Entendeu o relator Ministro Alexandre de Moraes, e foi corroborado por todos os demais Ministros da Suprema Corte presentes no julgamento, que a MP instituiu restrições genéricas e abusivas, sem qualquer razoabilidade, em ofensa a princípios constitucionais que consagram a publicidade e a transparência nos órgãos públicos.

1 Lei nº 13.979, de 06 de fevereiro de 2020 – Dispõe sobre as medidas para enfrentamento da emergência de saúde pública de importância internacional decorrente do coronavírus responsável pelo surto de 2019.
2 Medida Provisória 928/2020 - Altera a Lei nº 13.979, de 6 de fevereiro de 2020, para dispor sobre procedimentos para aquisição de bens, serviços e insumos destinados ao enfrentamento da emergência de saúde pública de importância internacional decorrente do coronavírus.
3 ADI 6351 –– Número Único de Processo:0088829--67.2020.1.00.0000
Decisão: O Tribunal, por unanimidade, referendou a medida cautelar anteriormente deferida para suspender a eficácia do art. 6º--B da Lei nº 13.979/2020, incluído pelo art. 1º da Medida Provisória nº 928/2020, nos termos do voto do Relator. Falou, pelo requerente, o Dr. Marcus Vinicius Furtado Coêlho. Ausente, justificadamente, o Ministro Celso de Mello. Presidência do Ministro Dias Toffoli. Plenário, 30.04.2020 (Sessão realizada inteiramente por videoconferência -- Resolução 672/2020/STF).

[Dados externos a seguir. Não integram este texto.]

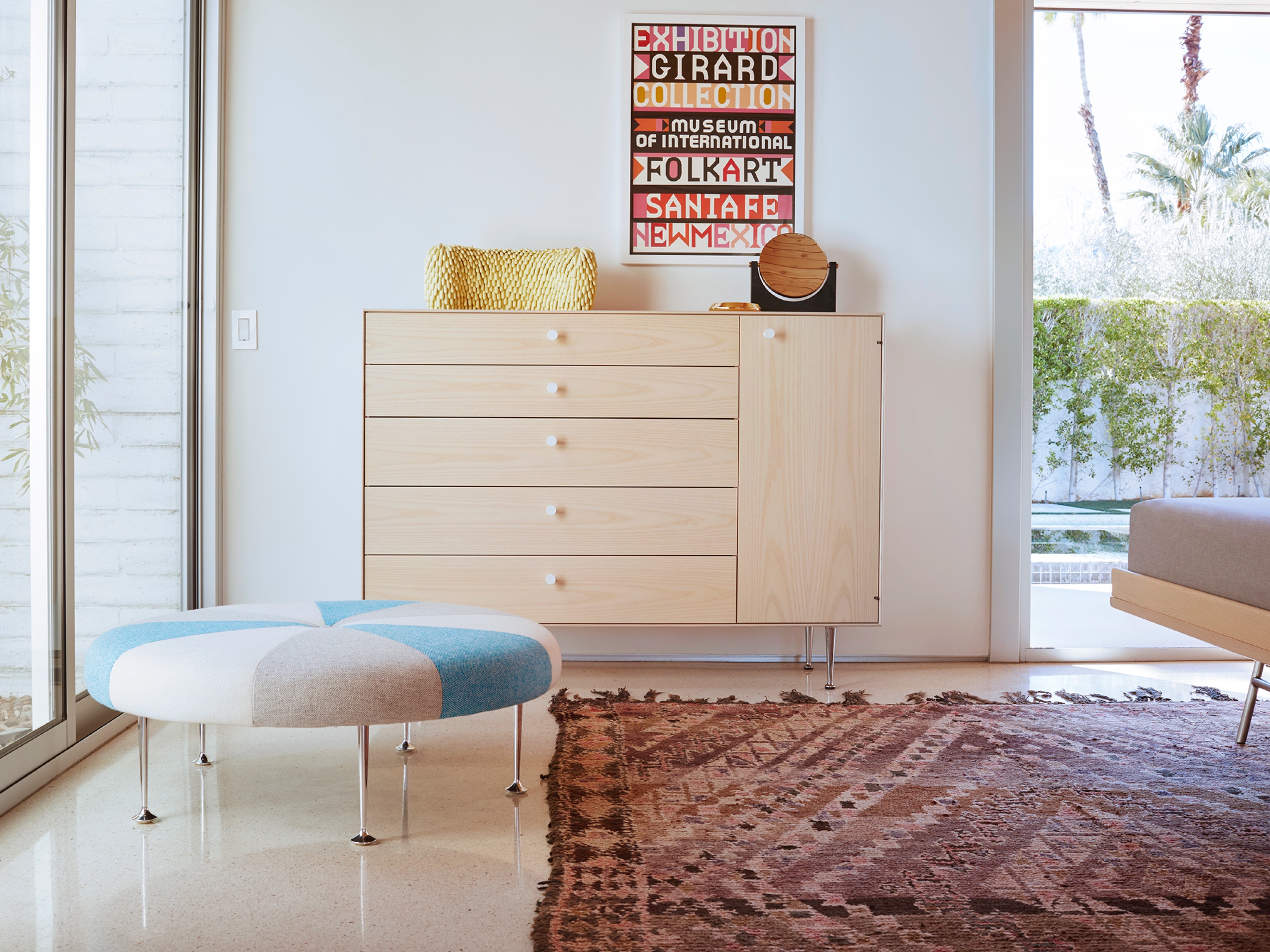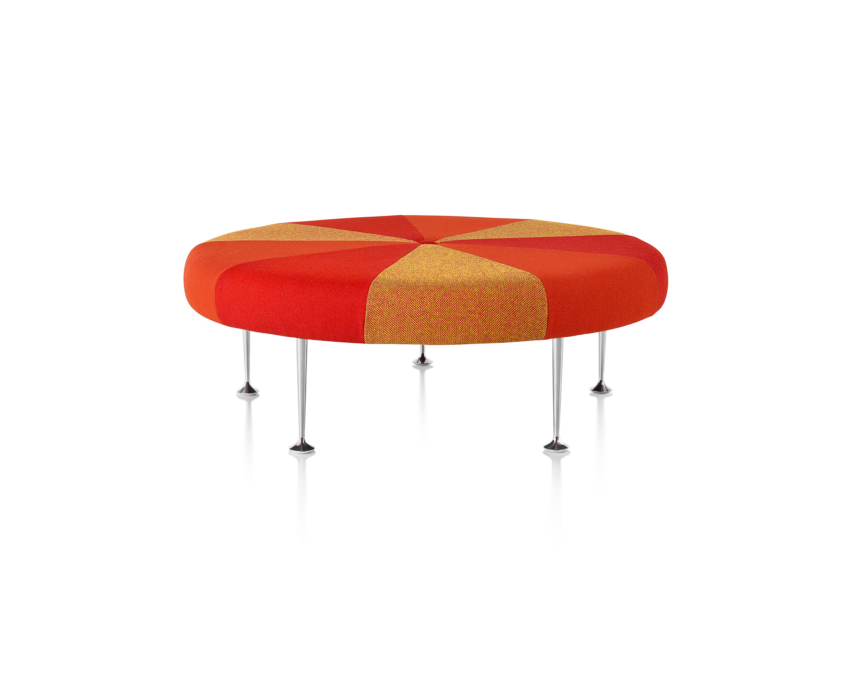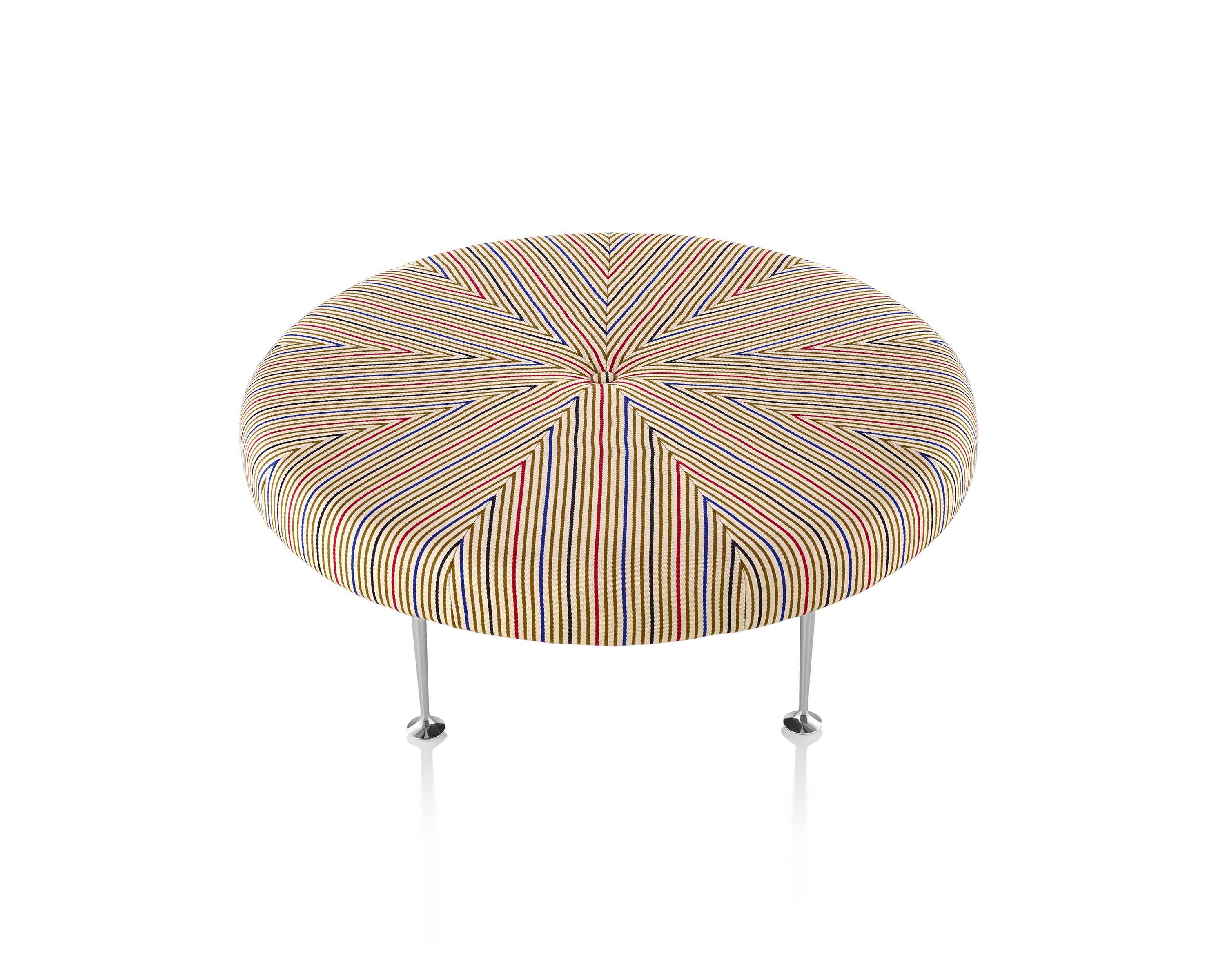 Girard彩色圆轮脚凳俏皮可爱、色彩艳丽,图案丰富,毫无疑问是Alexander Girard的作品。这段低矮的软垫休闲椅提供大胆靓丽的配色或醒目的条纹图案选择,可作为脚凳、咖啡桌、加座或者聊天椅。

De todo o exposto, há de se concluir que a LAI possui eficácia inclusive em momentos excepcionais, onde outras leis não precisam de aplicação ipsis litteris, como por exemplo a Lei 8.666/93, que neste período pandêmico aceita a dispensa de licitações para diversas contratações, enquadrando como exceção. E nesta fase que vemos a eficácia da Lei de acesso à informação, a qual entra em ação para “fiscalizar” os gestores públicos, fazendo com que a publicidade e transparência pública sejam mantidas garantindo a proteção constitucional de toda sociedade, minimizando os desvios de recursos, e quando houverem possam ser constatados por qualquer cidadão.